Monday, January 24, 2011

Netflow on Juniper Router

On Juniper Router's if you want to sample all traffic, you don't really need a firewall filter, you can use the following simple form:

    ge-0/0/0 {
        unit 0 {
            family inet {
                sampling {
                    input;
                }
            }
        }
    }
Packet sampling can also be done by defining a firewall filter to accept and sample specific traffic, applying that rule to the interface and then configuring the sampling forwarding option. just like...
forwarding-options {
     sampling {
         input {
             family inet {
                 rate 100; /* packet sampling rate */
             }
         }
         output {
             cflowd <flow collector IP address> {
                 port 9991; /* port number */
                 source-address <source IP>;
                 version 5;  /* netflow version number */
             }
             flow-active-timeout 60; /*the tool you're using may want something different */
             }
         }
}

These settings are per-interface:
interfaces {
   <interface> {
    family inet {
   sampling {
    input;
   }
   ...
    }
    ...
      }
     ...
  }
Note: If you want to use Jflow on M Series routers you will have to buy specialised hardware (AS/MS PIC or you can buy an M7i with embedded AS PIC).
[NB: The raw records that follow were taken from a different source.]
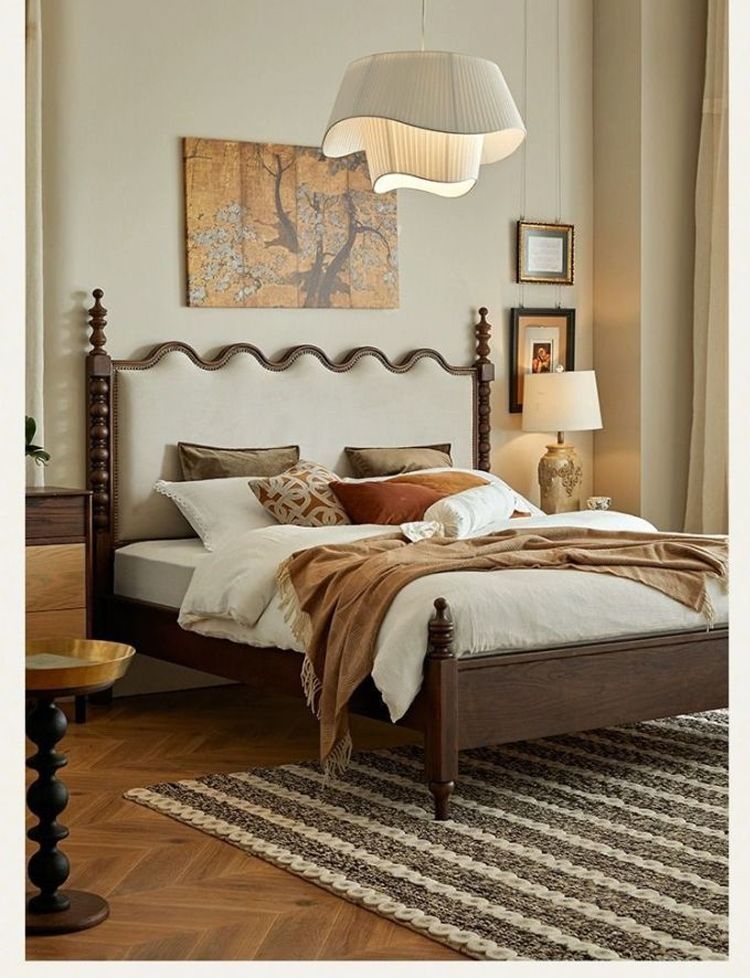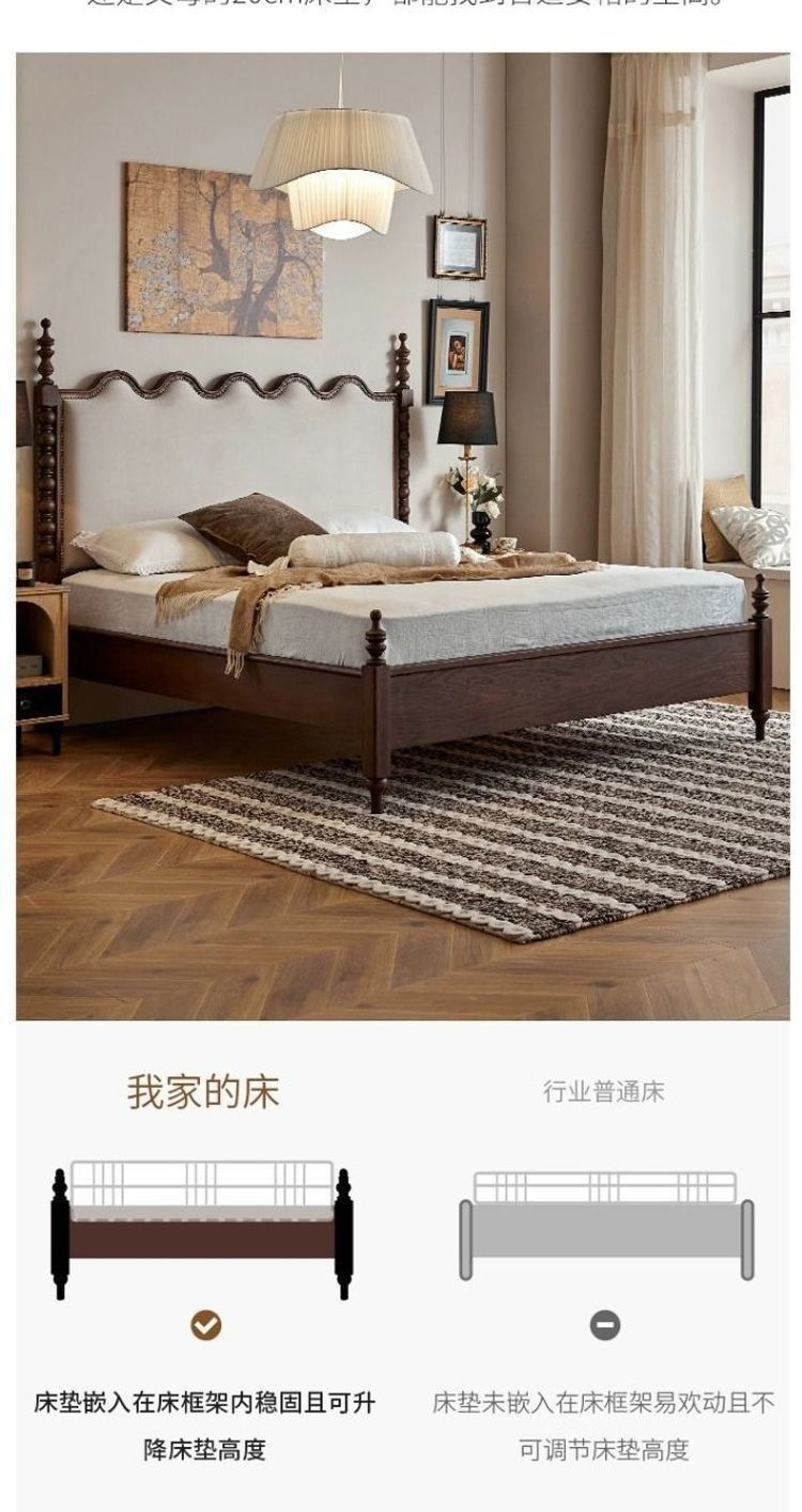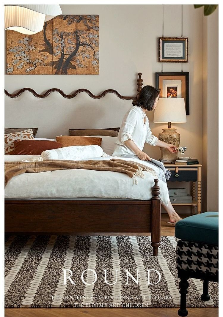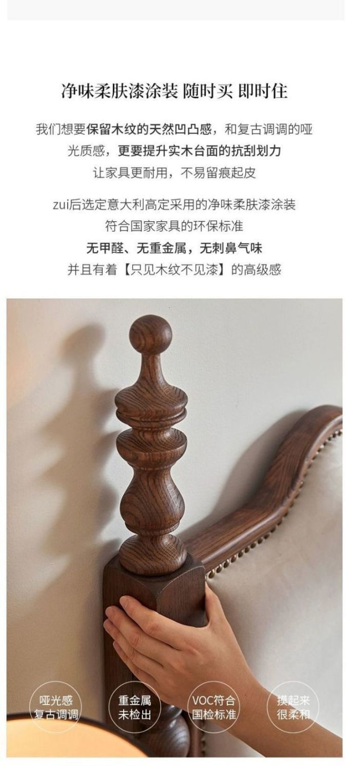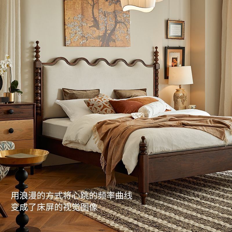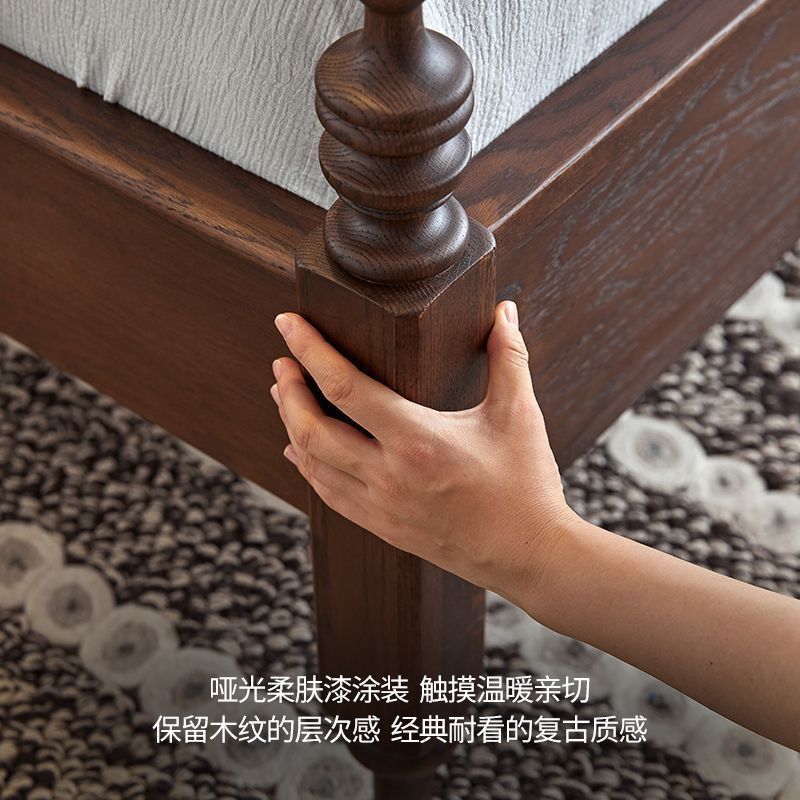 프랑스 복고풍 단단한 나무 침대 재 중세 더블 침대 1.8 미터 1.5 미터 마스터 침실 가구 미국 부드러운 가방 침대스토어 가기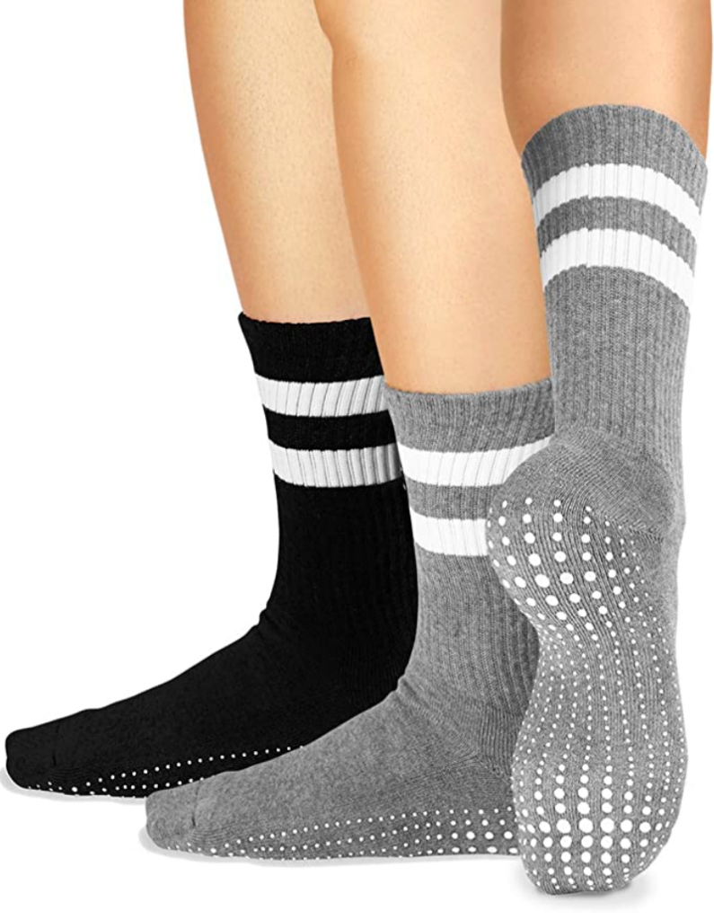 These grip socks are ideal to wear indoors, keeping you from slipping while walking on surfaces like wood floors or tiles, as well as keeping your feet toasty warm.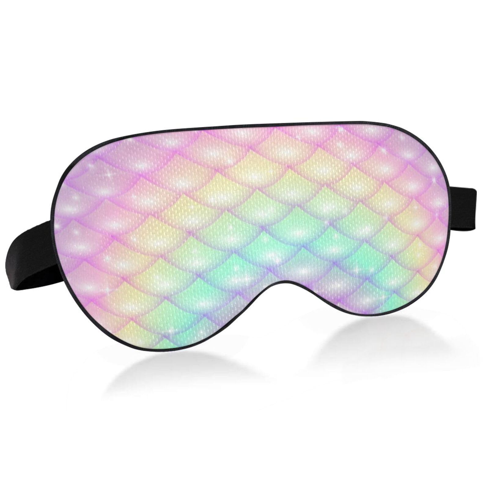 Sleep Mask Light Blocking Rainbow Mermaid Scales Eye Mask for Sleeping with Adjustable Strap Fish Scales Soft Lightweight Eye Cover Blindfold for Men Women Work Travel Naps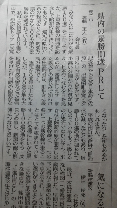 6月10日の新潟日報の窓投稿欄にあの遠藤正人くんの投稿が載っていました(゜Д゜)真面目な一面を見ましたて!(゜o゜;)彼はお店のお客さんで彼女募集中です(o^_^o)ゼヒ彼に会ってみたい女性!ママまで連絡ください(^^ゞお願いします♪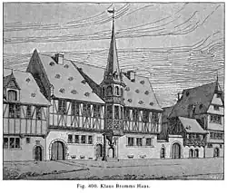 Die gleichen Gedanken beschäftigten wohl Klaus Bromm, einen reichen Patrizier, der fast genau in der Mitte der Zeil kurz nach 1541 seinen Wohnsitz errichten ließ. Durch seine Höhe und Breite sowie einen mittigen, spätgotischen Erker mit Spitzhelm, ganz ähnlich dem des nur wenig später erbauten Großen Engels am Römerberg, war das Gebäude seinerzeit wohl nicht nur ein inmitten der ansonsten vorstädtischen, kaum über zwei Stockwerke hinausgehenden Bebauung ungewöhnlicher Anblick, sondern auch ein erstes Zeichen für den beginnenden Wandel des Straßenzuges. Nach Norden besaß das Gebäude einen Treppenturm mit welscher Haube sowie einen bis fast an die Kleine Eschenheimer Straße stoßenden, tiefen Innenhof mit ebenfalls in frühen Renaissanceformen gestalteten Wirtschaftsgebäuden.[14]

One can use Jflow on the RE, but personally its don't reccomend as you could flood out routing updates etc. Hardware wise you'd probably be best off with one of the new MultiService PICs (PE-MS-100-1 would fit). More info about the MS PICs can be found here: http://www.juniper.net/us/en/local/pdf/datasheets/1000199-en.pdf

With regards to licencing you will need a licence (S-ACCT) for use with AS or MS PICs.